**WORK ITEM:** Each line from the one holding "(서울=포커스뉴스) 황교안 국무총리가" to the last line below must be restated word for word, and no picture may be included.
══ DATA SHOWN ══
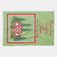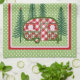 A sweet red and white checked vintage camper trailer, decorated for the holidays, with pine trees on both sides. One pine tree has a bright red cardinal bird perched on top. The background is cheerful sage green with white polka dots. This unique festive kitchen towel has a template for a name or other text of your choice. Below the name template, text reads: Campfires and Cocktails are my specialty. All the text on this useful towel is easily customized, so you are able to create the perfect gift for someone special.
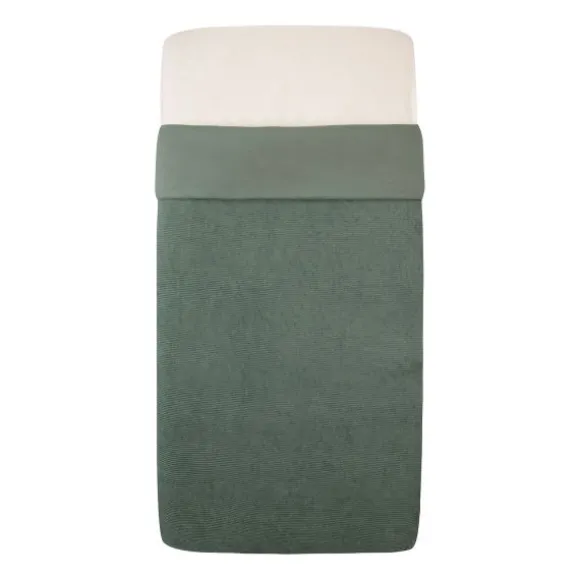 Met de Witlof For Kids Velvet Rib Tuck-Inn Wiegdeken – Soft Sand kan je kindje heerlijk rustig in het bedje slapen. De wiegdeken is gemaakt van hoogwaardig materiaal en voelt heerlijk zacht en comfortabel aan. Bij het voeteneind beschikt de deken over een handig elastiek, waardoor het bedje van je kindje eenvoudig en strak opgemaakt kan worden. Bovendien zorgt dit Tuck-Inn systeem ervoor dat je kindje de deken niet los kan trappelen. Verder kan het dekentje perfect worden gecombineerd met het andere beddengoed van Witlof For Kids. Tips voor veilig gebruik van beddengoed: Zorg ervoor dat je kindje met zijn voetjes dicht bij het voeteneind ligt. Maak het bedje kort en strak op en zorg ervoor dat het beddengoed niet hoger dan de schoudertjes van je kindje reikt.
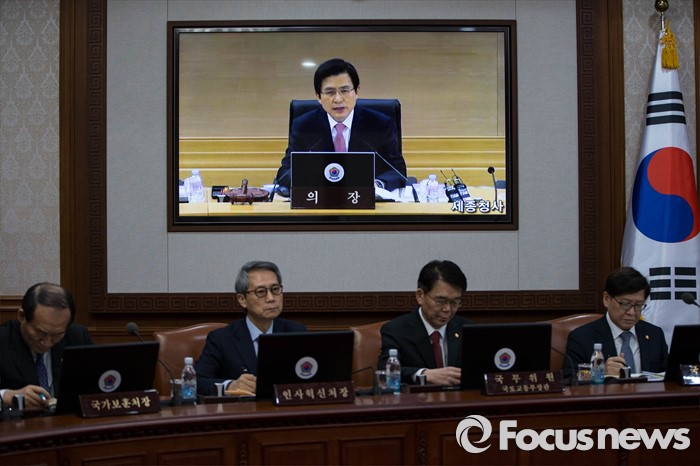 (서울=포커스뉴스) 황교안 국무총리가 8일 오전 정부서울청사에서 열린 국무회의에 화상을 통해 참석하고 있다. 2016-03-08
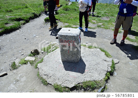 フランスとスイスの国境を示すバルム峠の標石。FRANCE側の表示
═══
**WRITTEN SOLUTION:**
 (서울=포커스뉴스) 황교안 국무총리가 8일 오전 정부서울청사에서 열린 국무회의에 화상을 통해 참석하고 있다. 2016-03-08
 フランスとスイスの国境を示すバルム峠の標石。FRANCE側の表示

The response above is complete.